Recorded data:
==================================================
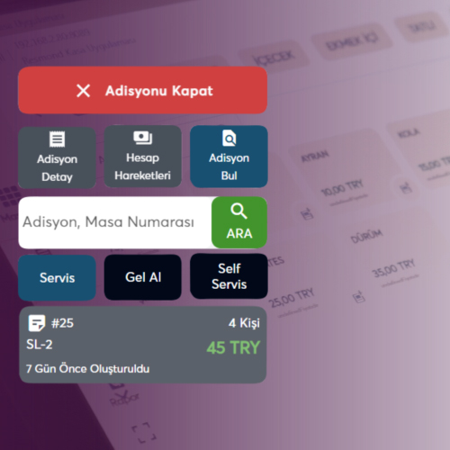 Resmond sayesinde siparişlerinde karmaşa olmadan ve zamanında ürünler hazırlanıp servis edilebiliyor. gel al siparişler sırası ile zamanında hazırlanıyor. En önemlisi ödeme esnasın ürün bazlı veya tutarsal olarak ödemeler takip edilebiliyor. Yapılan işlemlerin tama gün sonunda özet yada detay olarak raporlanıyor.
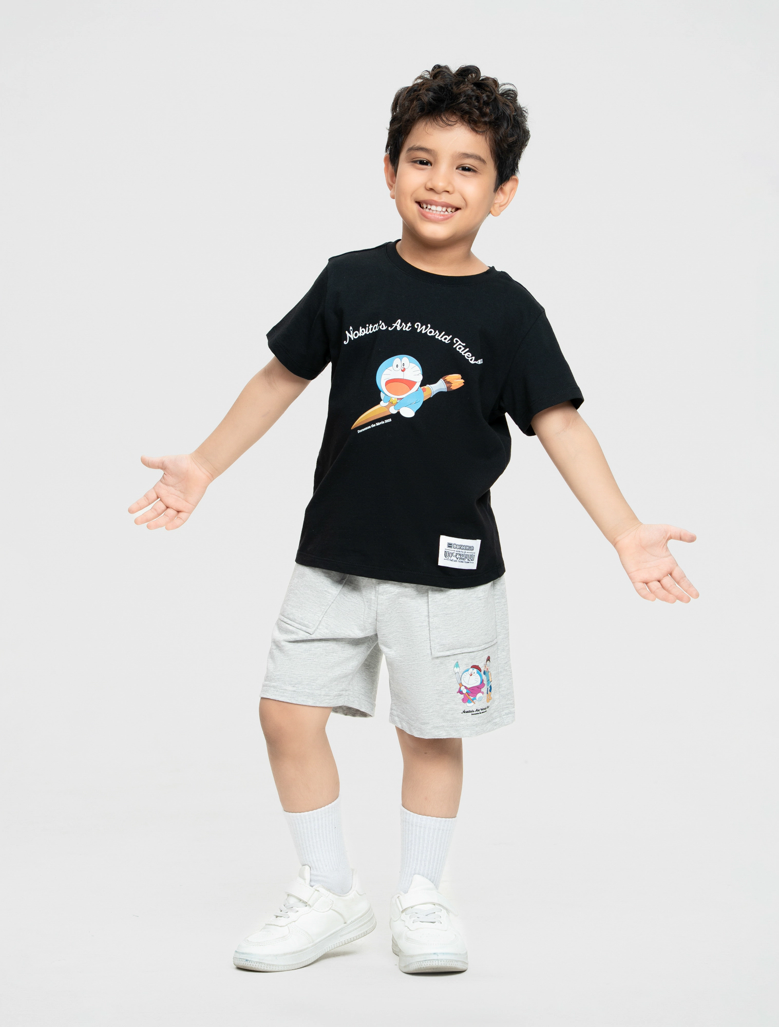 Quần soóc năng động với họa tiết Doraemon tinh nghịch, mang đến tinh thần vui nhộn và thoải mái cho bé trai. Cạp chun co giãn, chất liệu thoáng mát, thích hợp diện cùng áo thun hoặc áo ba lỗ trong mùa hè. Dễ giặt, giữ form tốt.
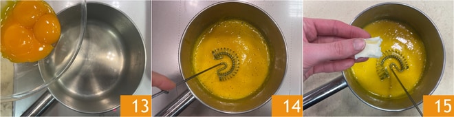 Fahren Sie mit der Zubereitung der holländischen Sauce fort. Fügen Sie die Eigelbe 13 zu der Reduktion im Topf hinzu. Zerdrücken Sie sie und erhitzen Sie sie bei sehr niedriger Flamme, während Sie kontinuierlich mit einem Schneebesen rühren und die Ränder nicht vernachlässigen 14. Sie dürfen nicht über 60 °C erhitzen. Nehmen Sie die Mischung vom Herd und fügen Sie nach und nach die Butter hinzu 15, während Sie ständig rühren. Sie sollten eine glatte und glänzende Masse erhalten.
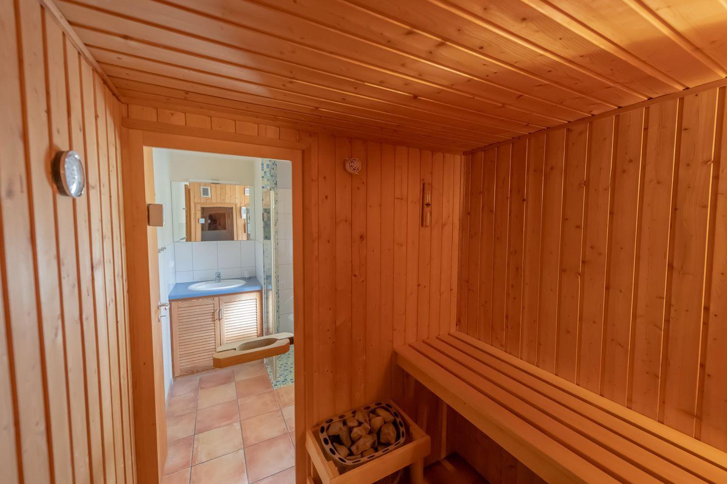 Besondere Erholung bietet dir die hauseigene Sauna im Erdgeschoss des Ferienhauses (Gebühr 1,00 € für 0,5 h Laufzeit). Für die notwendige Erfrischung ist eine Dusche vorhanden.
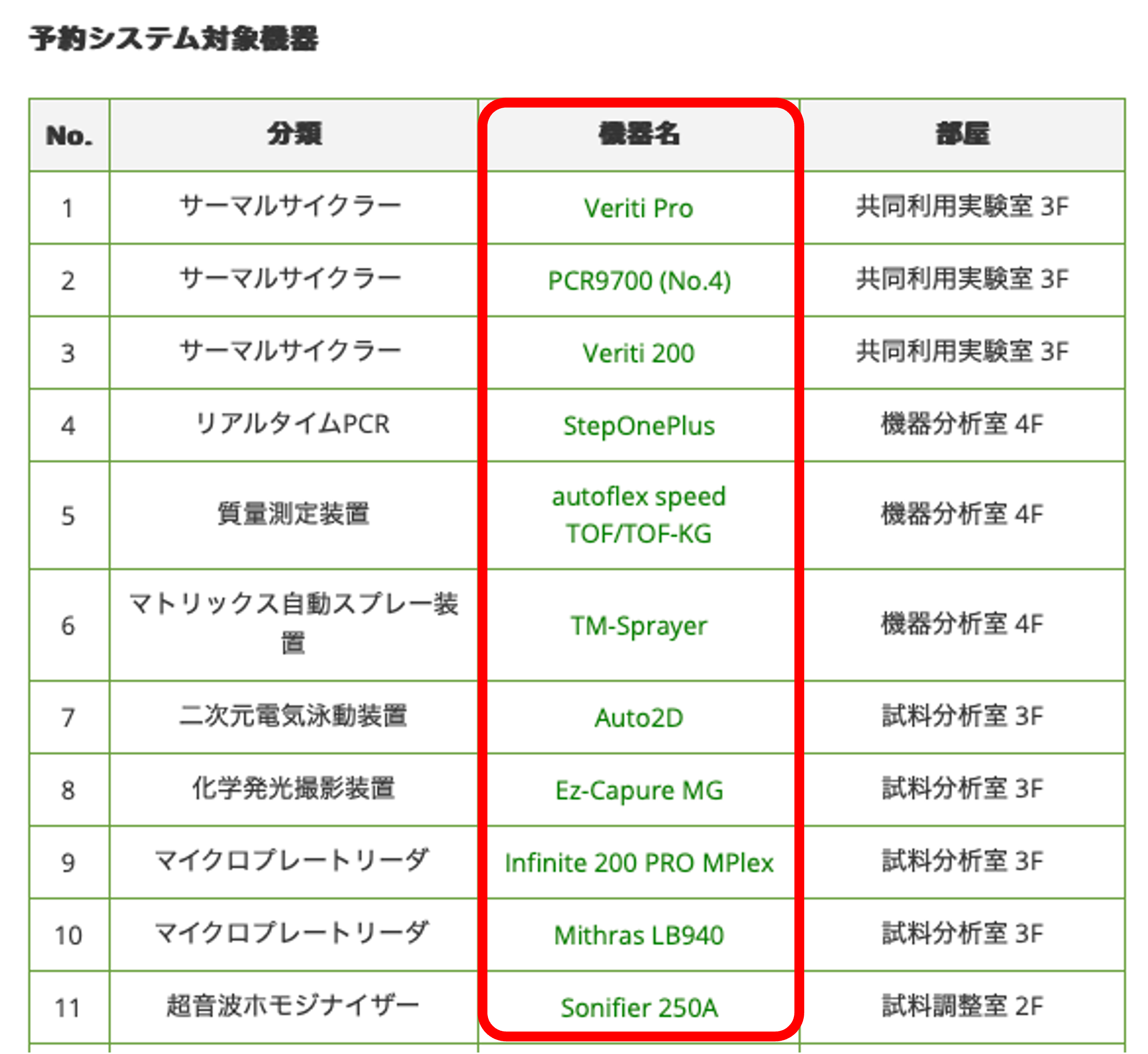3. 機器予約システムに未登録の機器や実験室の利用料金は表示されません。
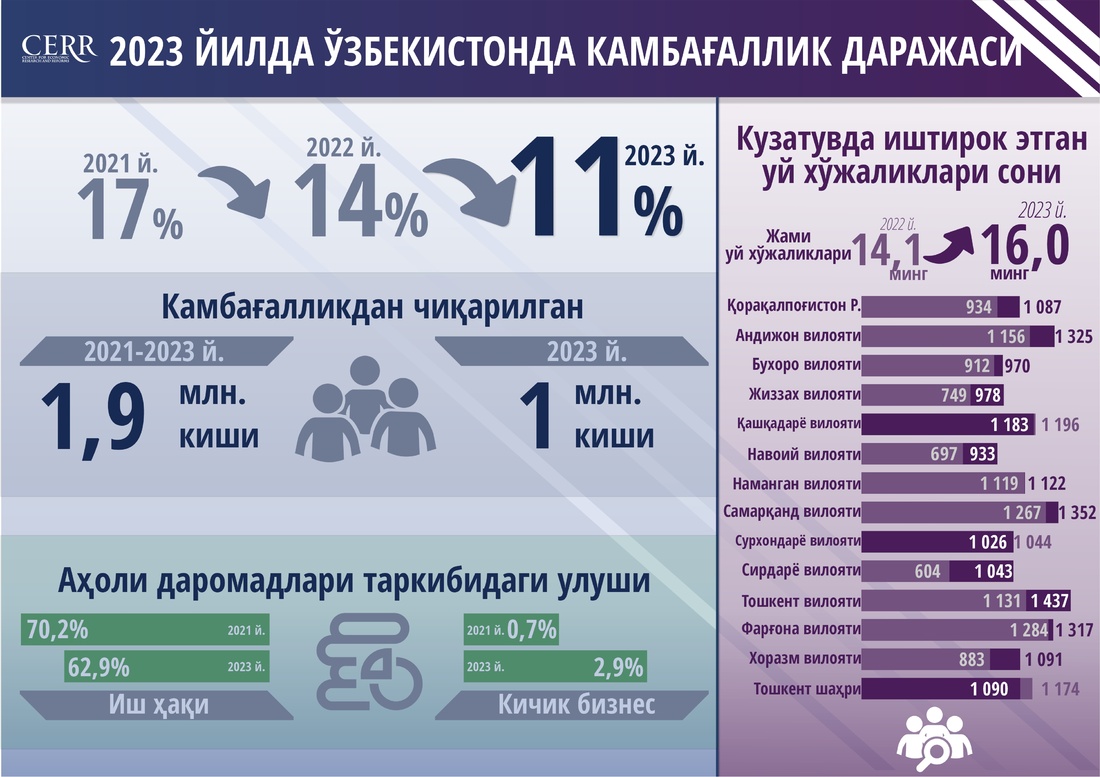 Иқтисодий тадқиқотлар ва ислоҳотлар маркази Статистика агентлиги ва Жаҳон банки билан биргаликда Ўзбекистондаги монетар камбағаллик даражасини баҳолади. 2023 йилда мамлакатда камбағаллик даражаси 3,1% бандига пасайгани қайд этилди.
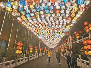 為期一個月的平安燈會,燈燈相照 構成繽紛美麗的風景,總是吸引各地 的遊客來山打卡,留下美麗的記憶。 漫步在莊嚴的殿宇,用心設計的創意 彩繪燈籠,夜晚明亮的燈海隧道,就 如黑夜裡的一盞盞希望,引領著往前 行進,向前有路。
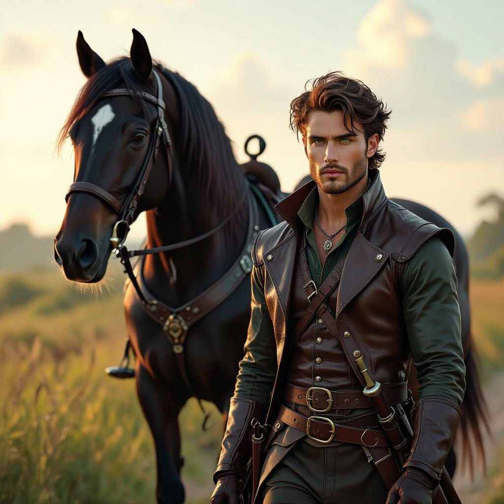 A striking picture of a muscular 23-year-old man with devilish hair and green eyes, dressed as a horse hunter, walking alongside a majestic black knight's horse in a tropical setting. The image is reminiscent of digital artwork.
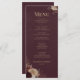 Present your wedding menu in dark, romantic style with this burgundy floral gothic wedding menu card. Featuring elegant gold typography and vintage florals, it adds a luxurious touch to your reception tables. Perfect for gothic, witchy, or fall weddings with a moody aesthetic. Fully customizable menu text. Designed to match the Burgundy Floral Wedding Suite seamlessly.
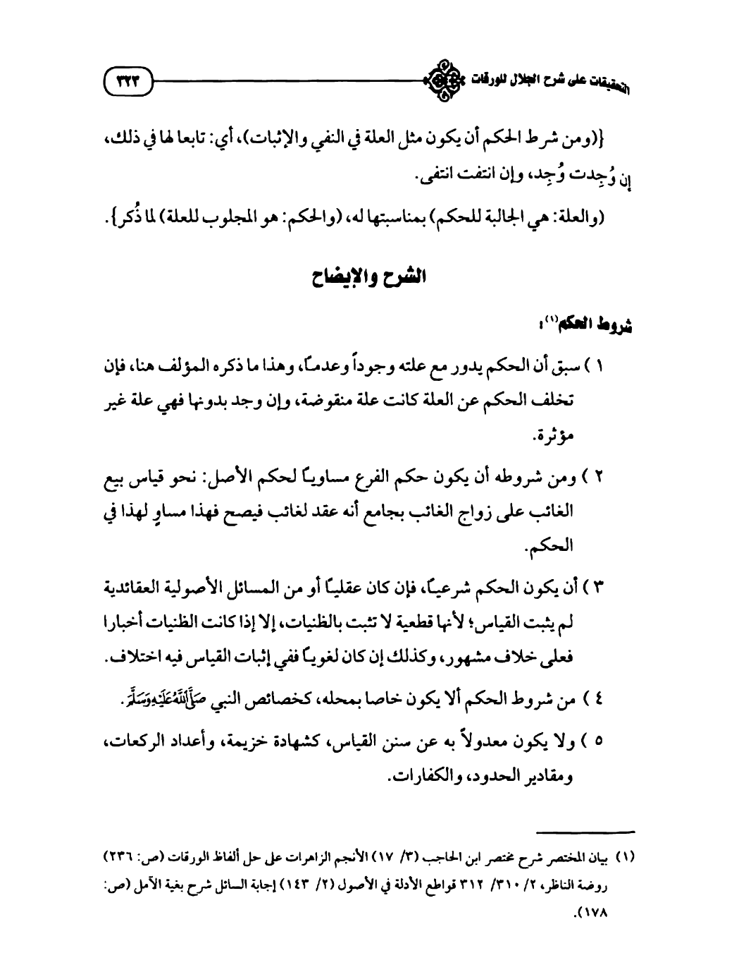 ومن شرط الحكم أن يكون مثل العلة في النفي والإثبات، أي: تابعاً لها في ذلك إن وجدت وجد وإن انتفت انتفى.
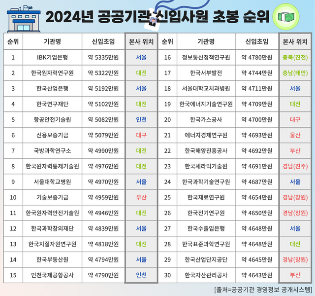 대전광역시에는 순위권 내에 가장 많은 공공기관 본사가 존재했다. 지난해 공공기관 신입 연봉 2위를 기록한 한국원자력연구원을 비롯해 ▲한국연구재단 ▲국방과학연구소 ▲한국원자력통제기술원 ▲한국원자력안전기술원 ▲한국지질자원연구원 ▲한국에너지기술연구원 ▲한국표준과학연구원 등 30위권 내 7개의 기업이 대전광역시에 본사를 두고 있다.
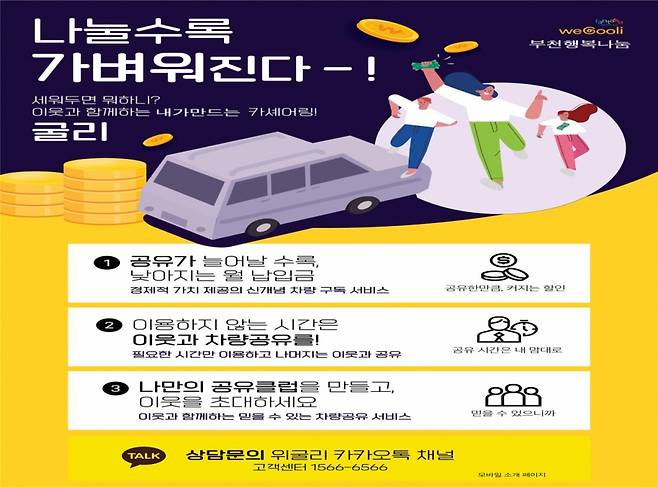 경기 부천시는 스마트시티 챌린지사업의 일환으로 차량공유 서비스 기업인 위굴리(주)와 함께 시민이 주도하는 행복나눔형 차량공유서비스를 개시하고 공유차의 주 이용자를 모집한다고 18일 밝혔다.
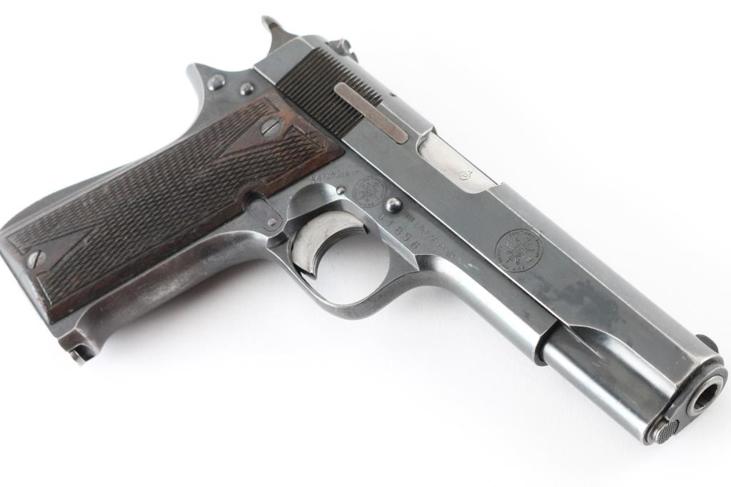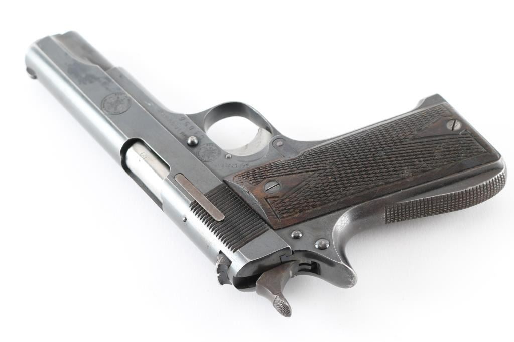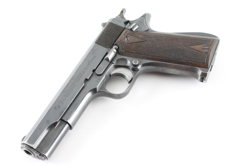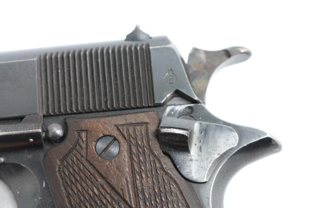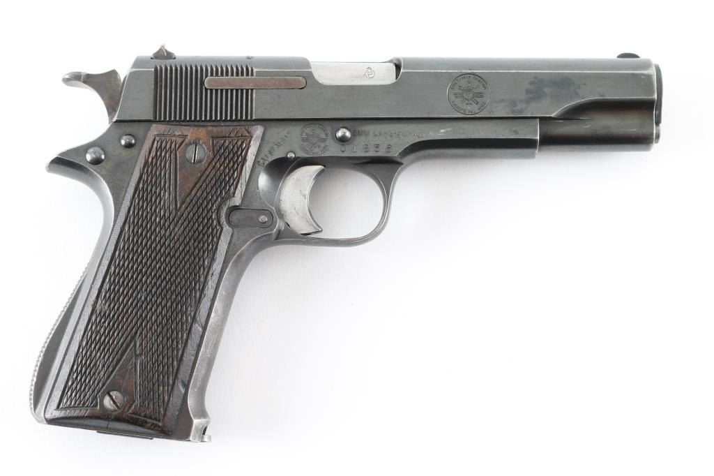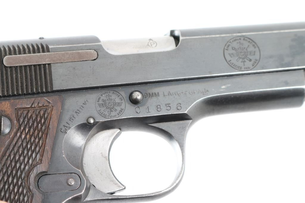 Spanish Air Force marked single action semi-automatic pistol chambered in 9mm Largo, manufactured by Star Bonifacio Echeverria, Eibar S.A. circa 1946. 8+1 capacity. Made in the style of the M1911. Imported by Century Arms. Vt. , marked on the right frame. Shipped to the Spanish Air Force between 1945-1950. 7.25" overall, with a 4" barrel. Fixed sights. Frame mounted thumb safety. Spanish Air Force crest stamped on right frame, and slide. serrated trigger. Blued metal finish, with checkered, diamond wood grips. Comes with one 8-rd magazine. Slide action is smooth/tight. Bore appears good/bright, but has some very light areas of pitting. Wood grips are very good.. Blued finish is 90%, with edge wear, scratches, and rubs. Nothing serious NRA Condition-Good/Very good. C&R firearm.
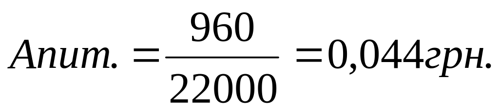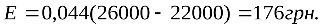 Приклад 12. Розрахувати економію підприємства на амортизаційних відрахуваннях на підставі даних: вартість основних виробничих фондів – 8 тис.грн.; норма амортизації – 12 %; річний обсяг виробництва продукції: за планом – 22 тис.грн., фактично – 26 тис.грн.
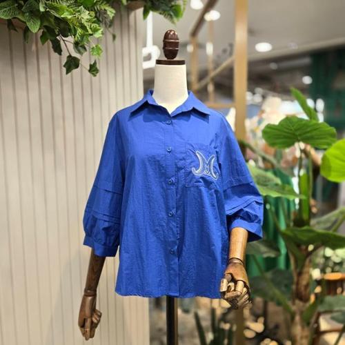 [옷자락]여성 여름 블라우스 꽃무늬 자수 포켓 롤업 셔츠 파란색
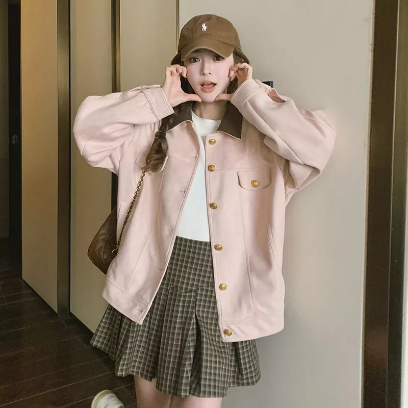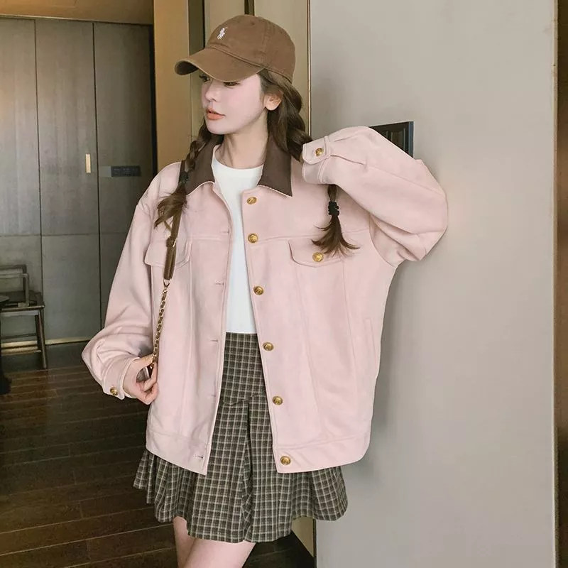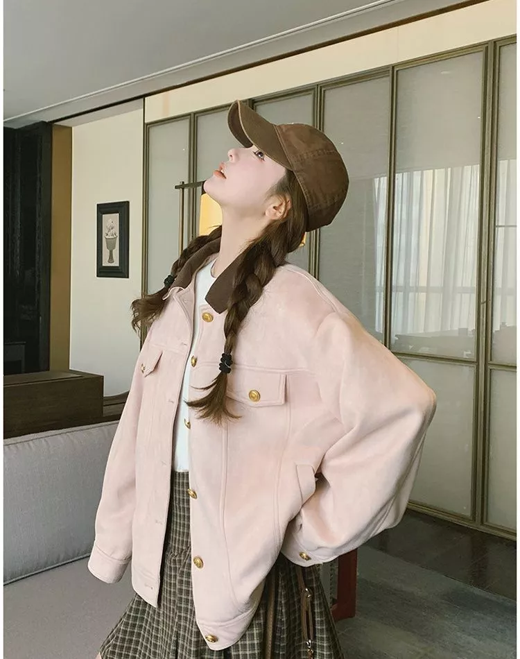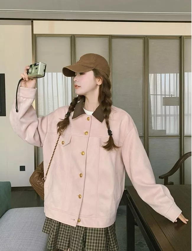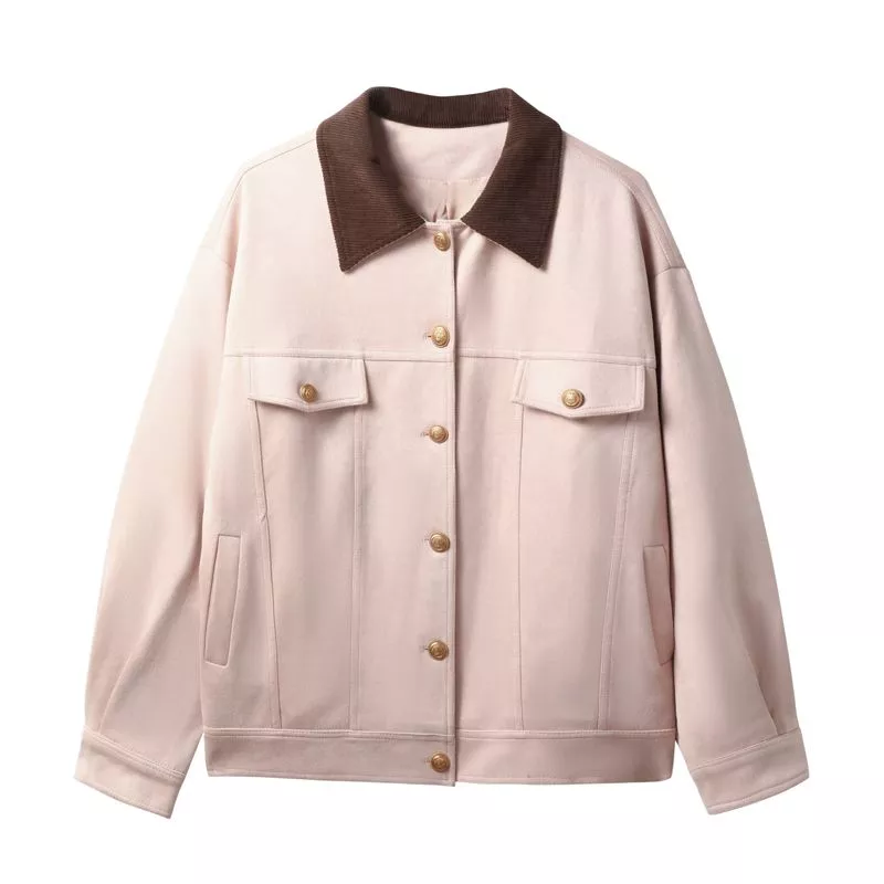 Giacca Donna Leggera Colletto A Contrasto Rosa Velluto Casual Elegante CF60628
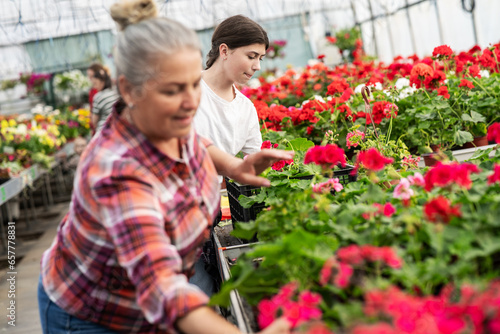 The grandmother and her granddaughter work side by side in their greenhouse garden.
==================================================
* TASK DIRECTIONS
No picture is to be printed. Output exactly the lines above from the line containing "Besondere Erholung bietet" through the line containing "為期一個月的平安燈會,燈燈相照 構成繽紛美麗的風景,總是吸引各地 的遊客來山打卡,留下美麗的記憶。".

* REPLY
 Besondere Erholung bietet dir die hauseigene Sauna im Erdgeschoss des Ferienhauses (Gebühr 1,00 € für 0,5 h Laufzeit). Für die notwendige Erfrischung ist eine Dusche vorhanden.
3. 機器予約システムに未登録の機器や実験室の利用料金は表示されません。
 Иқтисодий тадқиқотлар ва ислоҳотлар маркази Статистика агентлиги ва Жаҳон банки билан биргаликда Ўзбекистондаги монетар камбағаллик даражасини баҳолади. 2023 йилда мамлакатда камбағаллик даражаси 3,1% бандига пасайгани қайд этилди.
 為期一個月的平安燈會,燈燈相照 構成繽紛美麗的風景,總是吸引各地 的遊客來山打卡,留下美麗的記憶。 漫步在莊嚴的殿宇,用心設計的創意 彩繪燈籠,夜晚明亮的燈海隧道,就 如黑夜裡的一盞盞希望,引領著往前 行進,向前有路。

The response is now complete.